While I am bothered by my not knowing where the golden rule is, I know where to blame. My early education was insufficient. My early Jewish education was almost exclusively Zionist. We leaned where Tel Aviv and Jerusalem was, learned about every victory of the IDF, and how wonderful a Kibbutz was, we learned that Israel made up for the Holocaust. We did do some ritual things, such as decorating Sukkahs and model Passover Seders. Yet, in about four years I learned only the first ten of twenty two letters in the Aleph-Bet. By the time of my bar mitzvah, I could barely read the Shema in Hebrew, nor had I ever looked into the text of Leviticus. Given our moving around, I prepared for my bar mitzvah at an Orthodox school and realized how woefully inadequate my education was. I was pretty much treated by faculty and students alike as treif for being ignorant, so counter to the verse from this week You shall not hate your brother in your heart; you shall reason with your neighbor, and not allow sin on his account. [Leviticus 19:17] But I did learn at that Orthodox school a verse which fascinated me: You can not see my face; for no man shall see me and live. [Exodus 33:20]

At the same time I was introduced to Taoism in a high school comparative religion Class, with the first two verses of the Tao Te Ching

The Tao that can be told is not the eternal Tao

The Name that can be named is not the Eternal Name

I saw a parallel between these passages of Torah and Tao. I asked my rabbi about it, who promptly and rather rudely rebuffed me. It was the last straw. I left Torah behind, and studied the Tao instead. I’m sad to say, I’m not the only one. All of the Jewish demographic studies point to an increasing abandoning of Judaism for either atheism or other religions. As this cannot be completely be accounted for by intermarriage, intermarriage itself may be a symptom of a bigger problem: a lack of a learned Jewish religious identity. If one erroneously thinks Mark and Matthew say the same thing as Torah, why stay Jewish? If anyone who has an ethical problem with the Israeli government is labeled a self-hating Jew, and is thus hated by other Jews, why stay Jewish? If Christians or Buddhists are more accepting of you for your ignorance of religion, why stay Jewish?

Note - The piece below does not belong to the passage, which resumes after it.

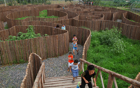 在迷宫里,一群孩子正开心地相互比赛,一个个从进口争相往出口方向,一边探寻,一边奔跑。据介绍,这些孩子都来自附近村庄,这里每天都是他们游玩的好去处。

I did return to Judaism, but as a Baal T’shuvah of a sort, I do wonder how our educational system can make sure we do not make the mistakes made in generations past for the future generations. Jewish early learning has to be balanced between many things; Zionism, Ritual and Prayer are among them. But what is the most important is a love of the study of Torah. The next generation should know exactly where the golden rule is and where the Shema is in Torah. I don’t care if one is Orthodox, Conservative, Reform or another smaller stream, Torah is the foundation of a strong, vibrant Judaism. Each stream may teach those words with a different and divergent view but the words must bind all Jews together. It must be the core of our educational system. It is a lot of work to say the least, but R. Tarfon sums up my belief abut Torah education nicely:

He used to say: it is not [incumbent] upon you to finish the work, but neither are you a free man so as to [be entitled to] refrain from it; if you have studied much Torah, they give you much reward, and faithful is your employer to pay you the reward of your labor; and know that the grant of reward unto the righteous is for the future. [Avot 2:16]

While R. Tarfon may have meant by “future” was the afterlife, I believe in these times “future” means the future of the Jewish people. It is my hope we can all be righteous and holy enough for such a reward.